Il faut dire que le Reaper est une cible commode. L’appareil vole lentement, sur des trajectoires prévisibles, sans la moindre furtivité. Les batteries iraniennes s’appuient sur des capteurs électro-optiques et infrarouges, qui n’alertent pas les détecteurs radar du drone.

Certains drones ont aussi brûlé au sol, sous les frappes iraniennes contre les bases de la région. Pour rappel, entre 2023 et 2025, les Houthis ont déjà abattu une vingtaine de Reaper. Les armées cherchent partout des parades bon marché, à l’image du canon du char Leclerc contre les drones.

Le calcul économique tourne au désavantage des États-Unis. Un Reaper coûte environ trente millions de dollars, et jusqu’à cinquante millions de dollars avec sa suite de capteurs complète. Le drone d’attaque iranien qui le vise vaut quelques dizaines de milliers de dollars.

Reaper drone
© U.S. Air Force

Sauf que voilà, Kenneth Wilsbach défend le bilan du Reaper, puisqu’aucun équipage n’a été exposé au feu. L’armée de l’Air et de l’Espace française connaît la même situation. Ses Rafale ont tiré des missiles à 600 000 euros contre des drones au-dessus du Golfe.

L’Ukraine a exploré cette voie depuis des mois. Ses forces lancent chaque jour des centaines de drones et de missiles peu coûteux contre les raffineries, les dépôts et les axes logistiques russes.

Cette pression permanente épuise les intercepteurs adverses plus vite que l’industrie russe ne les remplace. Kiev pousse la logique jusqu’au largage de drones kamikazes depuis des ballons, pour doubler la portée sans dépenser un dollar de plus.

Le cahier des charges du Massed Modular Aircraft reprend ce raisonnement. On parle d’une charge utile d’au moins 1 270 kilogrammes et d’un rayon d’action de combat de 4 260 kilomètres sans ravitaillement. Un vol sans retour porterait l’engin à près de 14 800 kilomètres.

Un premier prototype de drone sera testé sous deux ans

Le drone gardera les capteurs vidéo et les armements du MQ-9A. Un prototype grandeur nature volera dans les 21 mois après la notification du contrat. D’ici l’exercice 2031, la Defense Innovation Unit vise vingt appareils prêts au combat. Et pour cause, la flotte de Reaper fond plus vite que l’industrie ne la reconstitue.

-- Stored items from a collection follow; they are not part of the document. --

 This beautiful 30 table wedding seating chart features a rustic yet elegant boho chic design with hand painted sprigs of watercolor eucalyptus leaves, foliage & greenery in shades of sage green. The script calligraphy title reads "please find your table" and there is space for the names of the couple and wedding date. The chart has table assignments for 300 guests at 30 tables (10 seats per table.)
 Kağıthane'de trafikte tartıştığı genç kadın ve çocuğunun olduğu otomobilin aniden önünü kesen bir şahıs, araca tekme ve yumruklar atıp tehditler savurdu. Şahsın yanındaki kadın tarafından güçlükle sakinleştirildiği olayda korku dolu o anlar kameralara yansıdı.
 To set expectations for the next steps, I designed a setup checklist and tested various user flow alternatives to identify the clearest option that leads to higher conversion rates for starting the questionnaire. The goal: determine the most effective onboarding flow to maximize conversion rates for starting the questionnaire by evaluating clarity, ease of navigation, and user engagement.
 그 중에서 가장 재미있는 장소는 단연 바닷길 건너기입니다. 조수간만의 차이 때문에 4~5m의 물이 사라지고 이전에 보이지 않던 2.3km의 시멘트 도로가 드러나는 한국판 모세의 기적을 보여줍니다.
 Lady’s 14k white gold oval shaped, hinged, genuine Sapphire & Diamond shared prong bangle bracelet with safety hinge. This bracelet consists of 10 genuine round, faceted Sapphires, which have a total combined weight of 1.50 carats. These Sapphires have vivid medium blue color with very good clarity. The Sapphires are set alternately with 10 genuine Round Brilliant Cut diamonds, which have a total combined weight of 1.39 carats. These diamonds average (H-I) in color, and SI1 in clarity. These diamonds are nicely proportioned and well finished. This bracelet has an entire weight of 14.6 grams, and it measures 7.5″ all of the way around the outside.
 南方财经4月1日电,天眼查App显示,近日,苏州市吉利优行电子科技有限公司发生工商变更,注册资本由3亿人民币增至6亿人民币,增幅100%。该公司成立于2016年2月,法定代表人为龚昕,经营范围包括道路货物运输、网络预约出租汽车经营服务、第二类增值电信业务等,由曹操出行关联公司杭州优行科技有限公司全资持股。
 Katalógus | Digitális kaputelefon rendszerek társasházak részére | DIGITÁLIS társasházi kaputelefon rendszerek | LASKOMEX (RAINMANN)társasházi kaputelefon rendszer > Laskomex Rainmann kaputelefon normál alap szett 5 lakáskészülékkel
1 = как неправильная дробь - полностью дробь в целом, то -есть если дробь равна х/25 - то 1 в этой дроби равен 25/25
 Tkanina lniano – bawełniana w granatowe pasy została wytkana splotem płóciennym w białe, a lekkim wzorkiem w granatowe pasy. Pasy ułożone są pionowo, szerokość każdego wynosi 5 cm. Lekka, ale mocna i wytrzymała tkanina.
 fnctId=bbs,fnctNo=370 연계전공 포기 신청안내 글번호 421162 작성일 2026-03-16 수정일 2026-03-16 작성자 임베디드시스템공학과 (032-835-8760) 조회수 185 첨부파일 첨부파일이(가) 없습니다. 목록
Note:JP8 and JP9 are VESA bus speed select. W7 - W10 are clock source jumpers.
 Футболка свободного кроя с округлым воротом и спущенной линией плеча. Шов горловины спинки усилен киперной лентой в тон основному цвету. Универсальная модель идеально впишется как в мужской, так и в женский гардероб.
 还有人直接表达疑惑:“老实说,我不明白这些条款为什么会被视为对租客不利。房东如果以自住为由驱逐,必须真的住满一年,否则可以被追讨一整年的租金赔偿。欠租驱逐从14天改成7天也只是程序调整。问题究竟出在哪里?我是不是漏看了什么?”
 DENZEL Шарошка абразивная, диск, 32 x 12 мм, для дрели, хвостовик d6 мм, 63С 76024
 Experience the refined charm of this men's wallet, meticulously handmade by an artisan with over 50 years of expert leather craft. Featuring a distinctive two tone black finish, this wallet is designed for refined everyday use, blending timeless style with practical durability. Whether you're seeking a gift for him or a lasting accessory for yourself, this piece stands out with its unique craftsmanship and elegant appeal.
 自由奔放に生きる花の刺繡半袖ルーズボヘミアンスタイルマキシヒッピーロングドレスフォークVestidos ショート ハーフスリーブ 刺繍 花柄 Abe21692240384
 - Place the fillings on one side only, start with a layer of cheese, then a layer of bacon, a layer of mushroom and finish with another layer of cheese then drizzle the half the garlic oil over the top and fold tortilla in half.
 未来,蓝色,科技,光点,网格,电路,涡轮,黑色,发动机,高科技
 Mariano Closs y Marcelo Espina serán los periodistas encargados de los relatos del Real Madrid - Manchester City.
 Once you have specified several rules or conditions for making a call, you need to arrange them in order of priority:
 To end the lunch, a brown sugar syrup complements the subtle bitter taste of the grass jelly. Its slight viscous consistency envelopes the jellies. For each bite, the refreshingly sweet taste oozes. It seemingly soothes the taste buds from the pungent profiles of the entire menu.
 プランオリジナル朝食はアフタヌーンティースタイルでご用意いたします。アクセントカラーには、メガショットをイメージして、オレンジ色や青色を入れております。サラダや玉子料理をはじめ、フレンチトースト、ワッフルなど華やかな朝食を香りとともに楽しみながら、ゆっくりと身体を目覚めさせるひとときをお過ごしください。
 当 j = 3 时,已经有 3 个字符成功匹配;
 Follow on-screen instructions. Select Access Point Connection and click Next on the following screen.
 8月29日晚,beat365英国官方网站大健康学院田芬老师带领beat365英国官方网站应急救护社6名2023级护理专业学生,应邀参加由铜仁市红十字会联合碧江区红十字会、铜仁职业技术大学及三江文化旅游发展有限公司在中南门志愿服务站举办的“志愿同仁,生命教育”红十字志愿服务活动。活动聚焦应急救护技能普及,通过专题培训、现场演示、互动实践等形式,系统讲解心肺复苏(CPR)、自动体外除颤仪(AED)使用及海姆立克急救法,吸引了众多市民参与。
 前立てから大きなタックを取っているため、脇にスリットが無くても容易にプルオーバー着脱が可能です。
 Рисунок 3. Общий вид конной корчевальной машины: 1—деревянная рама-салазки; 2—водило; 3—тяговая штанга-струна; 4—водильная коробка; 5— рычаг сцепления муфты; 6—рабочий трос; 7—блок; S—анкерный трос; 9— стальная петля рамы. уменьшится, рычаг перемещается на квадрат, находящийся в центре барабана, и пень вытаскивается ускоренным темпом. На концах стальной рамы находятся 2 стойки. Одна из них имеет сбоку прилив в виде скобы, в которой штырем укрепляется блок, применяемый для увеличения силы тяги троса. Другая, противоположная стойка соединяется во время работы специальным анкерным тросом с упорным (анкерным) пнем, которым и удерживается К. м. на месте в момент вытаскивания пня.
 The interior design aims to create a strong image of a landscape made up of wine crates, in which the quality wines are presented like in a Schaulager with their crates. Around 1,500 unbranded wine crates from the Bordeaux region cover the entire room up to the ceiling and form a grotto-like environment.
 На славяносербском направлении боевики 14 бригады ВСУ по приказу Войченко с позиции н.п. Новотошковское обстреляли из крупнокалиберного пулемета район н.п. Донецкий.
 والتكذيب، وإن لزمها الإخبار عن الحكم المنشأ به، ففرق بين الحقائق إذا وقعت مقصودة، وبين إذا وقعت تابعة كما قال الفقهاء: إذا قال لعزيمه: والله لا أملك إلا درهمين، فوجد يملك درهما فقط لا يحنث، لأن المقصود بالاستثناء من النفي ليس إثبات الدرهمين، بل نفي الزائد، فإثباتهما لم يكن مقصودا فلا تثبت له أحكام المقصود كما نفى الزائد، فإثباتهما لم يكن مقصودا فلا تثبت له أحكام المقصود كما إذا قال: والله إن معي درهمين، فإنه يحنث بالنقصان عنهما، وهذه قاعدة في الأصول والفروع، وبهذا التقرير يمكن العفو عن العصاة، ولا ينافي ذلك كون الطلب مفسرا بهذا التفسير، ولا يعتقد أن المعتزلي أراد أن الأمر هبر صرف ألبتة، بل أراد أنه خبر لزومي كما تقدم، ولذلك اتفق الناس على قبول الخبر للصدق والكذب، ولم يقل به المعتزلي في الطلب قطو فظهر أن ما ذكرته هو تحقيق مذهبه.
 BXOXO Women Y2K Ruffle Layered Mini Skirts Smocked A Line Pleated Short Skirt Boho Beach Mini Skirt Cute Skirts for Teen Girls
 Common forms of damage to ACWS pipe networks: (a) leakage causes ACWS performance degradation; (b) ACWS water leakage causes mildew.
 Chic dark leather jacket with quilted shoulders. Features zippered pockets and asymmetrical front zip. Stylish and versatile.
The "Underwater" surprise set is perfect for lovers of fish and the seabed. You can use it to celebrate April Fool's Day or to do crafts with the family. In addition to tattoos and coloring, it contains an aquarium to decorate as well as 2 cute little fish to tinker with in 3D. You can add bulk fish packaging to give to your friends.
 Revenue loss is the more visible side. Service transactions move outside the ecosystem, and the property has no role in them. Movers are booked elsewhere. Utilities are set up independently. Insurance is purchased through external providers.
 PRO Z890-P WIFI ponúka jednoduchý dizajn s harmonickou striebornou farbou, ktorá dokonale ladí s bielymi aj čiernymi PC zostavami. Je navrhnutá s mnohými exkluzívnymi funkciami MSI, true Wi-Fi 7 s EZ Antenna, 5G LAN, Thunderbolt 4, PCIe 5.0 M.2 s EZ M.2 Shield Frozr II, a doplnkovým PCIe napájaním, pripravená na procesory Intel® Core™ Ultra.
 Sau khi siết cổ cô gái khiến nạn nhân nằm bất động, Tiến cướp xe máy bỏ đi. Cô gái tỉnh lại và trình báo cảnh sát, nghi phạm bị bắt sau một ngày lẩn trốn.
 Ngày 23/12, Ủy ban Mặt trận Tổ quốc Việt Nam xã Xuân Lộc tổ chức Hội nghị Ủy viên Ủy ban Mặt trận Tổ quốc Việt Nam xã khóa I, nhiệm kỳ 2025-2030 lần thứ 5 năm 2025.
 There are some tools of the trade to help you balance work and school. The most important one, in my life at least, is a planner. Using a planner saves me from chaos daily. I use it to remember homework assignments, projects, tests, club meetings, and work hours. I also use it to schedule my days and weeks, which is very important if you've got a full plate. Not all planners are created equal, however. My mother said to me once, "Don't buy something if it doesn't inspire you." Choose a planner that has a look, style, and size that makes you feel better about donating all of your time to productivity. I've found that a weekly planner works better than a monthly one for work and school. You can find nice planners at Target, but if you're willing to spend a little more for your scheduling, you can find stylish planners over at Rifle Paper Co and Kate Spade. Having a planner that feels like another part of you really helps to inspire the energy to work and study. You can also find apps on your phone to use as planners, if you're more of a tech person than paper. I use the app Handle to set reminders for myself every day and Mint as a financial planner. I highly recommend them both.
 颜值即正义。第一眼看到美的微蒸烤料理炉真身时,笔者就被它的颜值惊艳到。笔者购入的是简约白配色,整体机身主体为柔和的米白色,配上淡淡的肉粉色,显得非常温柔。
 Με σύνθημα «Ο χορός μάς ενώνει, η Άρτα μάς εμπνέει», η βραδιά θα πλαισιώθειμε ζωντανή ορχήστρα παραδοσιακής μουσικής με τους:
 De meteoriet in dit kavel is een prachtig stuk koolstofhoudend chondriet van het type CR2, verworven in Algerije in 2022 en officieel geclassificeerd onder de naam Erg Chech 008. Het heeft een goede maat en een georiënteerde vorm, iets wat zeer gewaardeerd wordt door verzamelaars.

En 2025, General Atomics a arrêté la production du MQ-9A. Le constructeur ne propose plus qu’une dizaine de drones neufs dans le monde entier et pousse son MQ-9B SkyGuardian à trente millions de dollars. Mark Brinkley, porte-parole de General Atomics, défend la valeur de sa gamme et se dit prêt à concourir.

Le 11 mai 2026, l’armée de l’Air a déjà validé le besoin d’un successeur modulaire, produit en masse et bon marché. Bref, la leçon ukrainienne est comprise à Washington. Le Pentagone réclame près de 54,6 milliards de dollars pour son groupe de guerre autonome. Ce bureau a touché 225,9 millions de dollars un an auparavant.

Des sénateurs s’alarment déjà de l’absence de doctrine face à des essaims autonomes, un débat qui recoupe celui des drones tueurs pilotés par une IA. La production de masse reste le vrai obstacle.